Stupid AA have a STUPID text messaging service
If you’ve got a moment, sit back and have a read of this blog post — the first para is below… (thanks Jeremy)
Link: The Assmobile Association « I look so I can hear….
Charlie changed to the AA last year, solely because they offer a roadside recovery service for deaf customers via mobile phone text. Despite all the technological advances with hearing aids etc, he and his wife Ros just cannot use a phone or mobile – so in the past they have had to suffer the palaver of texting someone else to phone AA / RAC / Green Flag or whatever and communicating via a third party – time consuming, frustrating, and prone to problems.
Text messaging is an absolutely fantastic invention for the deaf. We once provided our text-to-screen system for a deaf club night, the concept being that these youngsters go along to this club night and feel the vibrations and dance away. Phenomenal.
Anyway I am gratified to find out that the AA has a text message service. If you’re deaf and your car has stopped working, you can’t easily make and receive a standard audio phone call.
Problem solved by introducing the text service, yeah?
No.
Some idiot, some total arse, has implemented this system and not realised, recognised or bothered that there’s a FUNDAMENTAL PROBLEM thus:
1. You text the AA telling them your location and so on.
2. They reply acknowledging your status.
All is fine… until…
3. They try and phone you from an anonymous number to find out where you are.
Almost helpful.
When my Range Rover had a disagreement with lack of oil and conked out on the M25 I wanted to be rescued by an AA chappie. Instead I was outsourced to some mechanic group. I don’t think the AA had many teams working that evening. All of a sudden I started getting phone calls from ‘So and So Recovery’ asking exactly where I was. Hardly what I expected but at least I was sorted. Not quite the brand image portrayed by the ads.
However imagine the trauma when you’re sat, cold for hours, waiting for the magic, caring AA man to arrive … and you keep getting phone calls. Which you can’t answer. You can’t reply to. You can’t send a text message to the number explaining you’re unable to listen to their call because the idiots are calling you from an anonymous number.
How frustrating! How annoying! How stupid!
If you’re going to launch a text messaging service, couldn’t you have at least made it work PROPERLY. I really can’t stand it when, CLEARLY, the project manager in charge of introducing this couldn’t be bothered.
I can imagine the depressing office, somewhere in some regional AA headquarters, a disused stained whiteboard in the corner and lots of those stupid mini machine coffee cups littering the table.
“Right we need to do text messaging,” says the Project Manager.
The helpful, enthusiastic number-two jumps in with, “Ok, well, we need to really make this work for our customers, so we’ll need to completely redesign how we…”
“Hold on,” says the Project Manager, “We can make this a piece of piss!

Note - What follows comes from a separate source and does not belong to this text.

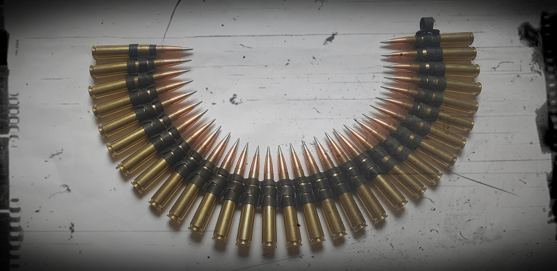Auf dem Gurt sind 30 Dekopatronen montiert,alle Geschosse sitzen fest.

Let’s just stick text on the front-end of our existing system and we’re done, right?”
“Er,” says the number-two, “What about, you know, people who actually want to text us? And have a conversation with us by text?”

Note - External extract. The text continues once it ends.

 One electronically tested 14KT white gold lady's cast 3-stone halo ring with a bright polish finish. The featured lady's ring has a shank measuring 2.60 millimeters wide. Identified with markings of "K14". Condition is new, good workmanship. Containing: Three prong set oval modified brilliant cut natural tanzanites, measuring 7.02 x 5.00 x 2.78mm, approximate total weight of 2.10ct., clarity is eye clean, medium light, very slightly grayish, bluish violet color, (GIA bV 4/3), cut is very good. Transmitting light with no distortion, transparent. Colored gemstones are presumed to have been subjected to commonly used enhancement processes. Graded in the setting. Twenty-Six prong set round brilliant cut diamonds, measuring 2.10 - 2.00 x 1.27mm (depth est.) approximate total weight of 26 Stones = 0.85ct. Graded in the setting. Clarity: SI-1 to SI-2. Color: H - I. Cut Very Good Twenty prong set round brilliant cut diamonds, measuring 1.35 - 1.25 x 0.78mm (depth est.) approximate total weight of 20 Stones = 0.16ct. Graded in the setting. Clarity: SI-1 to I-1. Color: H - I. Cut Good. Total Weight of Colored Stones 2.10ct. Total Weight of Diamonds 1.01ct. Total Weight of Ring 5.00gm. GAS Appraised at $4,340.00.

“Who? You what? Nahhh, balls to that, that’s too difficult,” says the Project Manager, “Stuff’em. Let’s just stick text on the front end and go to the pub.”
Useless.
Perhaps the above linked story is just an abberation. The author does point to a few people he/she knows that have managed to use The AA text service successfully. I wonder if the flaw is when they export the job to contractors who don’t bother with texting? Whatever, it’s just not a good service for those who really need it.